Other things which one can consider are taking adequate fish oil and B vitamins in fairly high doses, so as to make sure your brain metabolism is as healthy and efficient as possible. Phosphadatylserine is thought to lower cortisol, and can be helpful in going to sleep easily, if taken at bedtime. Going out on a limb here, I take tianeptine, not because it is a good anti-depressant, but because research in a number of centers, on tree shrews, shows that stressed baby animals do not develop shrunken prefrontal lobes or hippocampuses, or a decrease in the number of receptors, if they are given tianeptine during the time they are stressed. It is thought to put a barrier between your brain and the excessive cortisol. I don't know of any similiar studies in human beings, but, knowing it's a safe drug, I decided to do an experiment on myself!

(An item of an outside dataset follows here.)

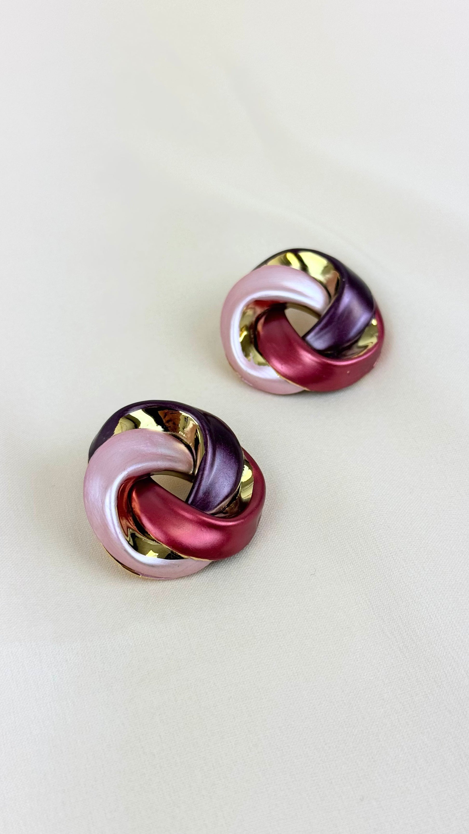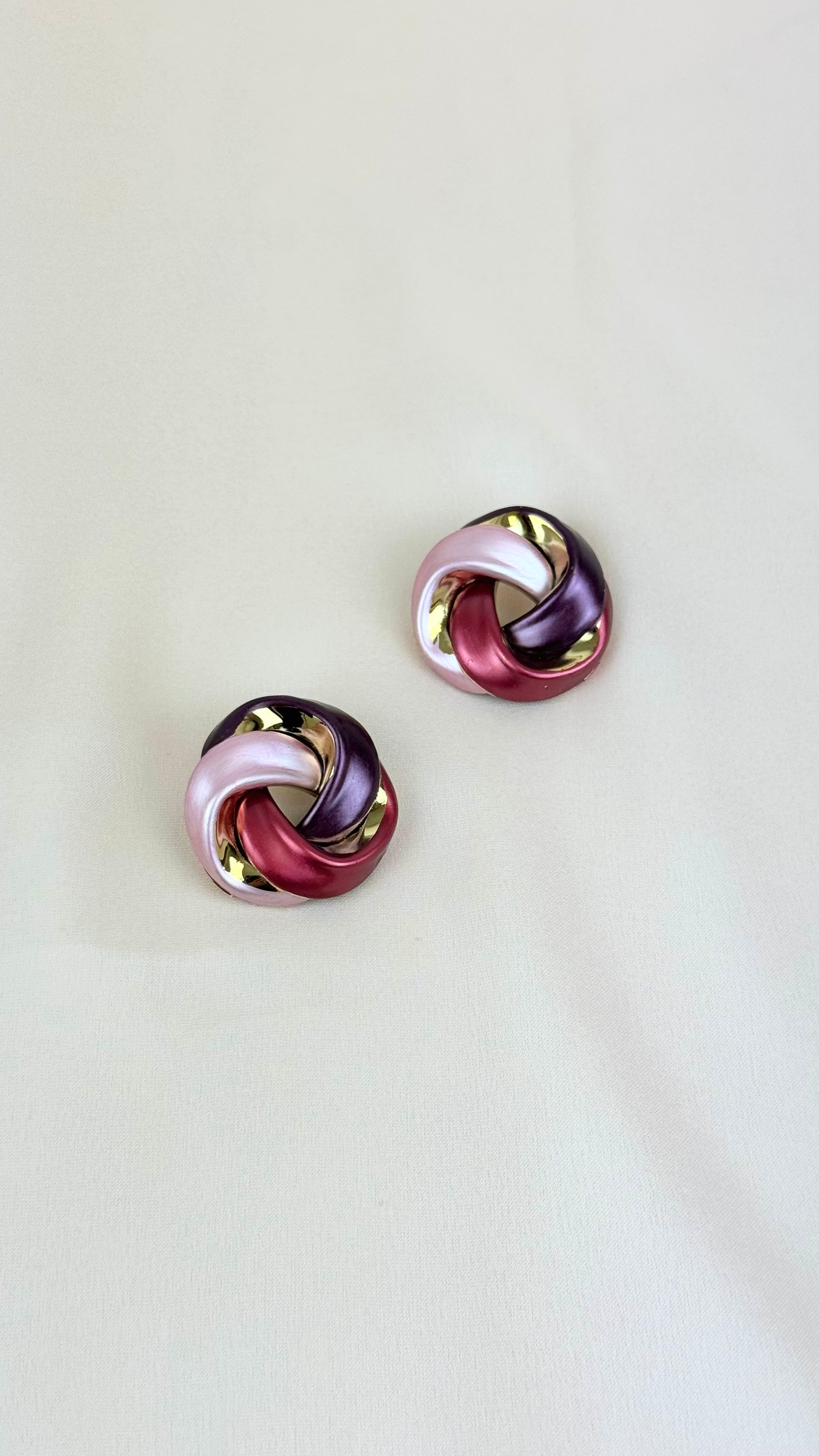 Brincos entrelaçados tons bordeaux e dourado

In a few years, we will have CRH antagonists which will probably prevent the axis dysregulation from occuring. Mefipristone is now being fast-tracked in studies as an AD which can rapidly return cortisol metabolism to normal.

Don't forget, thyroid abnormalities usually occur simultaneously with the cortisol abnormalities. Even if your TSH, etc. is normal, you can obtain an antidepressant effect by making sure that the TSH is at the lowest range by taking supplemental T3 and T4 in low doses.